[[ Dataset excerpt, beginning ]]

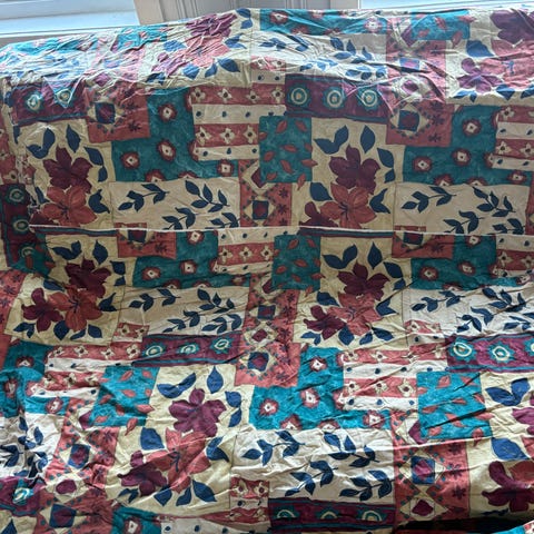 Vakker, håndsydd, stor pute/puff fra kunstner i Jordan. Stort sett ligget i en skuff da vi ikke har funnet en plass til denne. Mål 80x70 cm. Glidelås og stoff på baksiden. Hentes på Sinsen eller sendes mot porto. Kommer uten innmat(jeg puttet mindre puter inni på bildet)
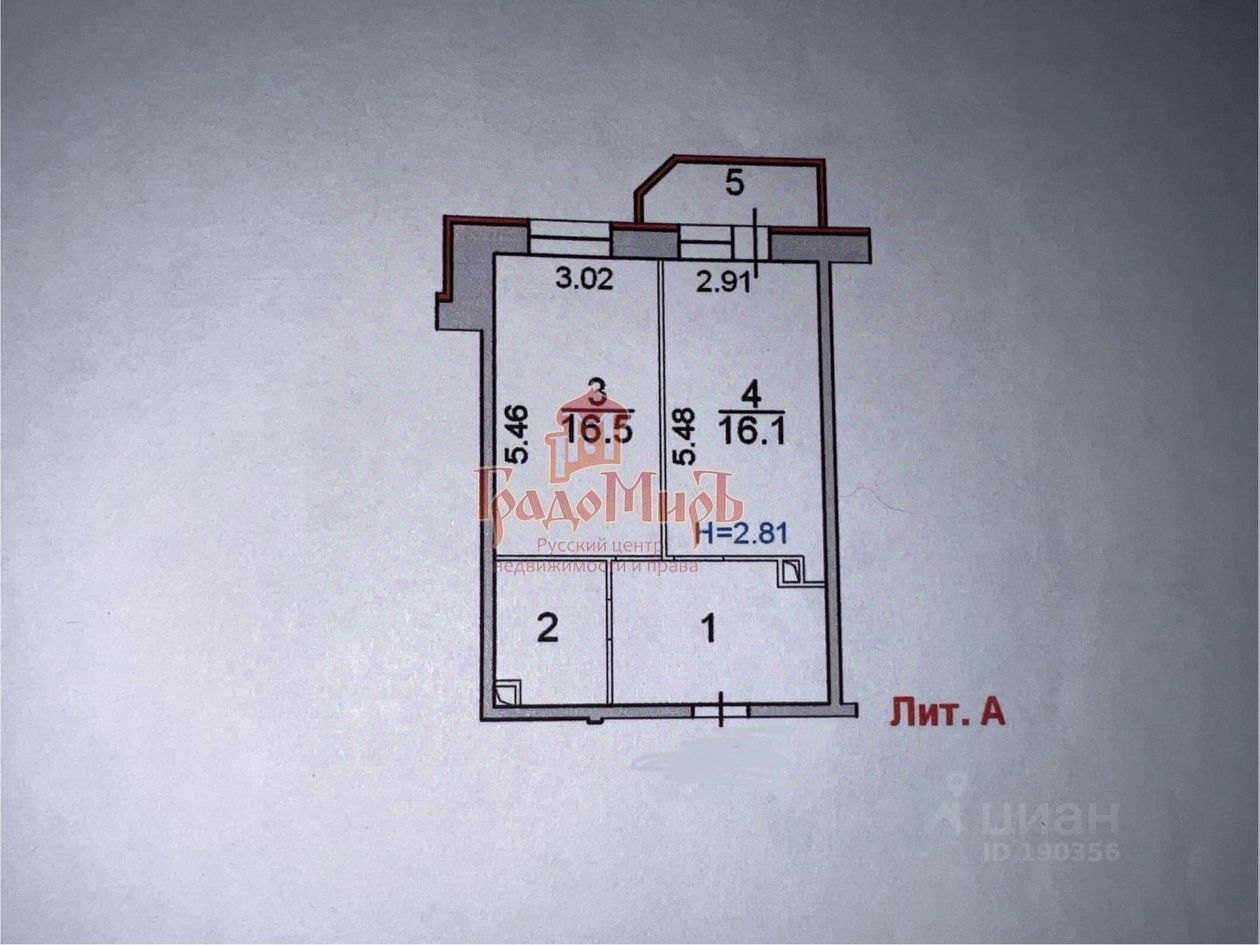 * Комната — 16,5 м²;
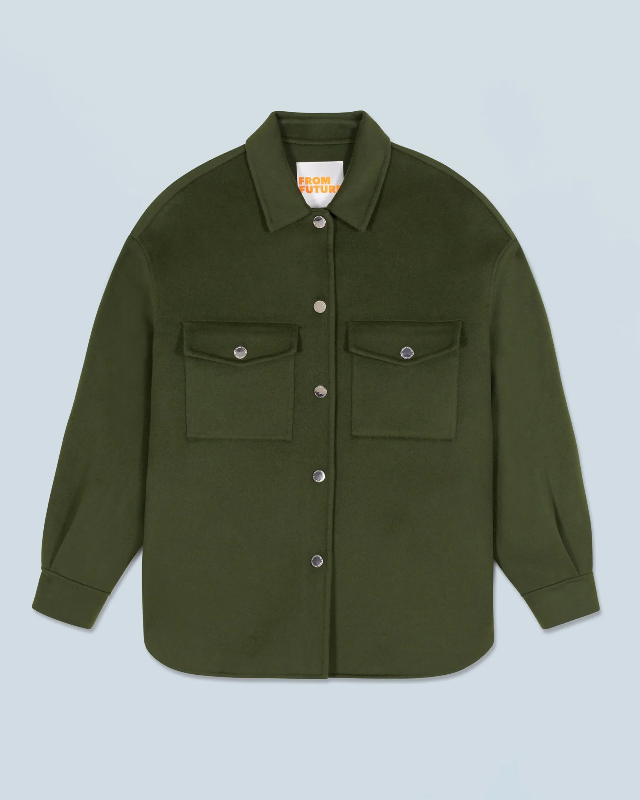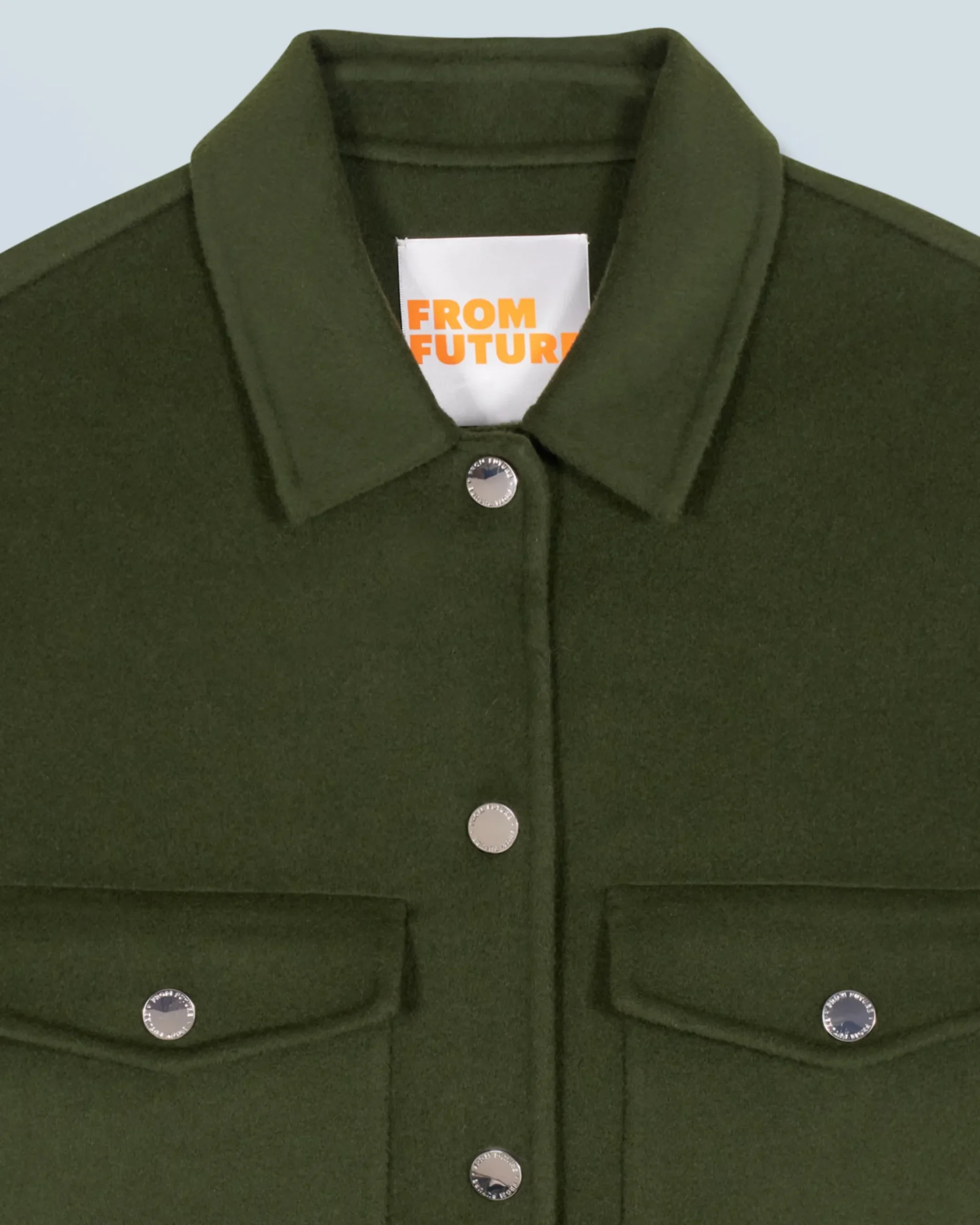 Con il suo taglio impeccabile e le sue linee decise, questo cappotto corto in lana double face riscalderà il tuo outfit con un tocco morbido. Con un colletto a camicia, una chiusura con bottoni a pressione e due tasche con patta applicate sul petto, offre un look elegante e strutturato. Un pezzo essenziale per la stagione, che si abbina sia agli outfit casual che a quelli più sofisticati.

[[ Dataset excerpt, end ]]

After locating the line that contains "Комната — 16,5 м²;", output it and all later lines through the end of the material exactly, leaving out pictures.

 * Комната — 16,5 м²;
 Con il suo taglio impeccabile e le sue linee decise, questo cappotto corto in lana double face riscalderà il tuo outfit con un tocco morbido. Con un colletto a camicia, una chiusura con bottoni a pressione e due tasche con patta applicate sul petto, offre un look elegante e strutturato. Un pezzo essenziale per la stagione, che si abbina sia agli outfit casual che a quelli più sofisticati.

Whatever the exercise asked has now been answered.